By: Nu Yang
Instead of scrolling through dozens of irrelevant story links and updates on a news feed, Trove streams in news from thousands of sources so readers can follow topics they care about, pick stories to highlight for others and get the best news stories picked by people who share the same interests. Created by the former Washington Post Labs team (now the technology and innovation division of Graham Holdings Co.), Trove is a revamped version of the Post’s social news app and website Social Reader. The new product launched in January and is available as an app on iPhone and iPad and at trove.com.
So, what is a “trove”? It’s a collection of articles about a particular topic. By using computer algorithms, Trove sorts through articles from nearly 15,000 sources, analyzing each story, sorting by names, keywords, places and topics.
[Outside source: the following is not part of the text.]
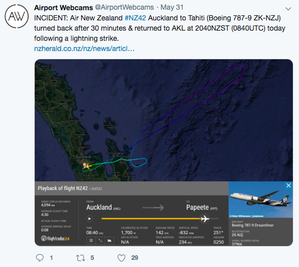 南都记者从该全球机场实时监测数据库获悉,NZ42航班(飞机型号为波音787-9)原定当地时间星期五晚上,从新西兰北部的奥克兰飞往位于南太平洋的塔希提岛,起飞后30分钟被闪电击中,被迫返航,于8点40分左右返回奥克兰机场。

“For publishers, it’s an opportunity to expose their content to an audience they might not otherwise reach,” said general manager Thao Tran. “For instance, if I curate a trove on happiness, people interested in happiness might not go to The Daily Beast or The Atlantic to look for stories on happiness, but they might see stories from those sources in my trove.”
Not only are troves created by computer algorithms, they’re also curated by users. Tran said it’s what makes them stand out among news feeds because stories have been vetted by actual readers. Readers can also create their own troves and follow troves.
“What is the most recent story might not be the most relevant,” she said. “Trove is able to take (curating) to a deeper level based on the content…there’s a great balance with the human algorithm combined with a good technology system.”
With almost 100 publishing partners, Trove’s editorial team makes sure each story originates from a reliable source. As managing editor Sandy Sugawara works closely with the engineering team to sort through stories and decide which ones to promote, top stories are updated often throughout the day.
“A key benefit of being a partner is that we share data about how their stories are doing on Trove, what’s been read and shared, and how often,” Tran said.
As the trend of personalized news grows, Sugawara said she sees a lot of news organizations experimenting with different approaches. “Most large media companies are interested in figuring out how to present their readers with a personalized homepage. If readers are interested in sports, their homepages would have more sports stories. If other readers are more interested in entertainment, their homepages would have more entertainment stories… Trove is one approach that gives the reader a lot of control over what they see.”
Moving forward, Tran said an Android version of Trove is in the works as well as an upgraded website. “We want to continue to build a large curator community showcasing our best content that’s been shared and picked by readers.